Britain seems to have an obsession with what it calls
'diversity' and identity politics. It also seems to have obsession with
categories, targets, and measuring things. If you fill a form in today, there's
always some standard question about private and confidential matters such as your
sexuality, racial origins, or religion.
We're frequently told that this information is necessary for
the purpose of monitoring equality, diversity, and social inclusion. Although
Britain is a highly stratified, class ridden society, where social class,
caste, and estate, will limit access to resources and prestige to some people,
the question of social class is curiously always omitted in questionnaires.
In the Equality Act 2010, 'social class' - defined sometimes
by a person's occupation - isn't even a
'protected characteristic', yet we know that social class, is often used as a
basis of discrimination in Britain. Identity politics, takes issues like social
class, equality, and redistribution, out of the equation.
According to the Institute of Public Policy Research (IPPR),
just 7% of all Britain's MP's, can be considered working-class compared with
34% of all UK working-age adults. Only about 1% of the current crop of Tory
MPs, entered Parliament from a working class job. In 1987, some 28% of Labour
MPs came from working-class jobs and that proportion has since halved. You might
say that British Parliamentary politics is a racket for the middle-classes.

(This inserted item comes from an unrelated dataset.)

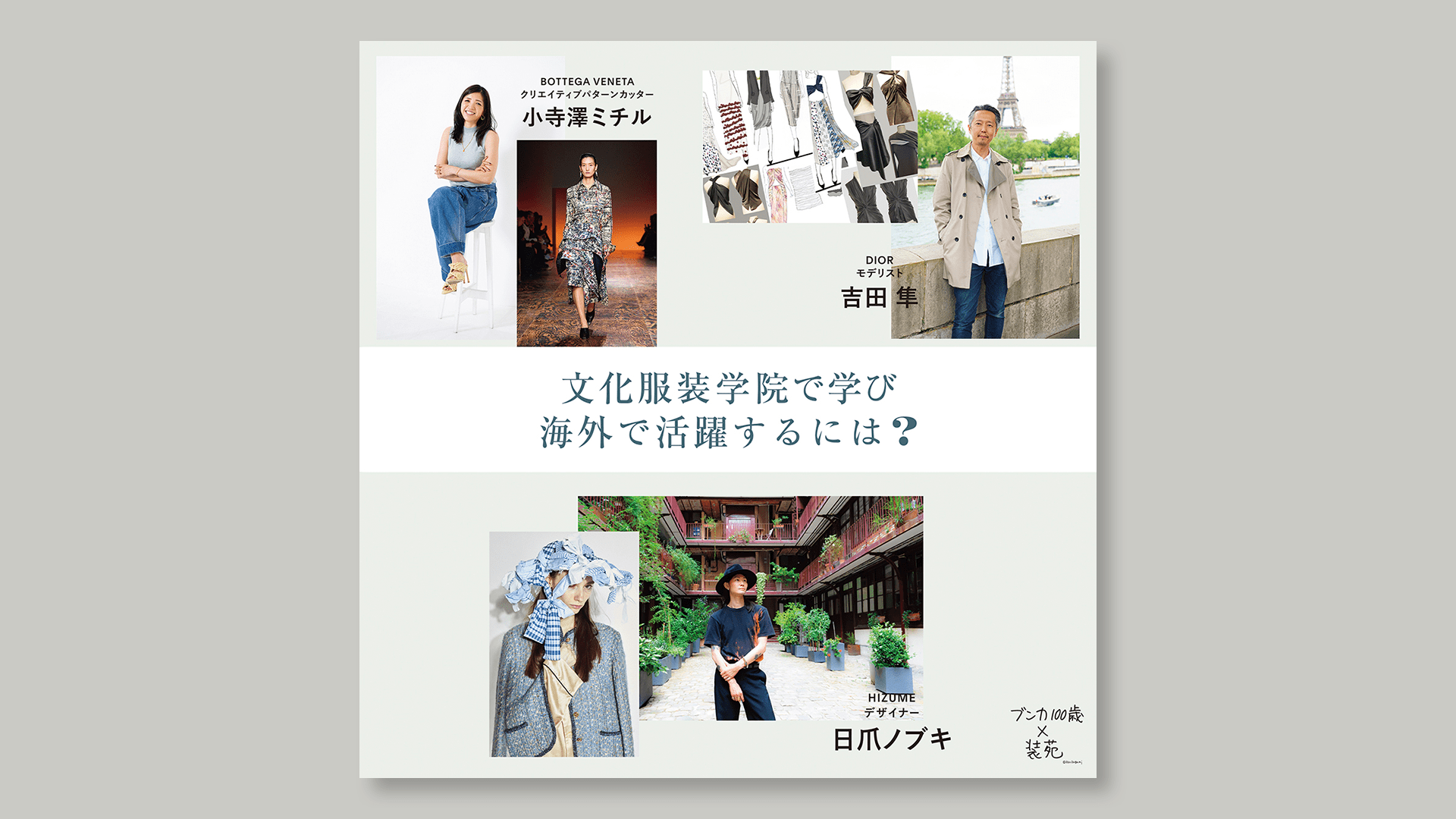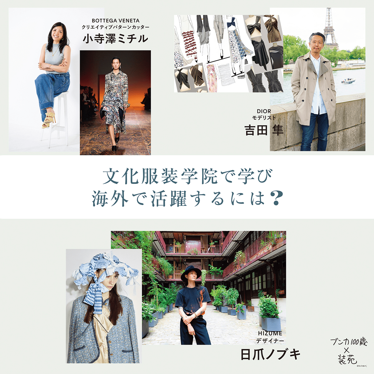 2023年、創立100周年を迎えた文化服装学院。文化の100歳をお祝いした好評連載の12回目(最終回)は、文化服装学院で学んだスキルを生かし、海外のメゾンで活躍する卒業生へのインタビュー。海外で文化服装学院卒業生の技術力は高く評価され、メゾンやコレクションブランドで活躍している卒業生は多数。また、海外で自身のブランドを展開している人も。ファッションの本場、ヨーロッパで自らの才能を輝かせる方法は?

In France, it's illegal to ask people questions about their
sexuality, religion, and racial origins, and to do so, can lead to imprisonment
and fines. Given the history of France this seems to be perfectly reasonable
and understandable. In WWII, the country was occupied by Nazi Germany and some
French citizens were Nazi collaborators. The Nazi persecuted people because of
their sexuality, religion, and racial origins, and many millions of people were
murdered because of it. To have had information about a person's sexuality,
race, and religion, would have been very useful to the Nazi regime, but very
detrimental for some people.
The British don't seem to fear that personal information can
be used by governments for nefarious purposes, because they view the State as
largely benign, utilitarian, and harmless, a kind of fairy godmother that
dishes out free bus passes and social security benefits. Yet all states and
governments, are capable of degenerating into repressive dystopias, and we also
know that the people are quite capable of putting dictators into power and
turning democracies into dictatorships, as was the case in Nazi Germany.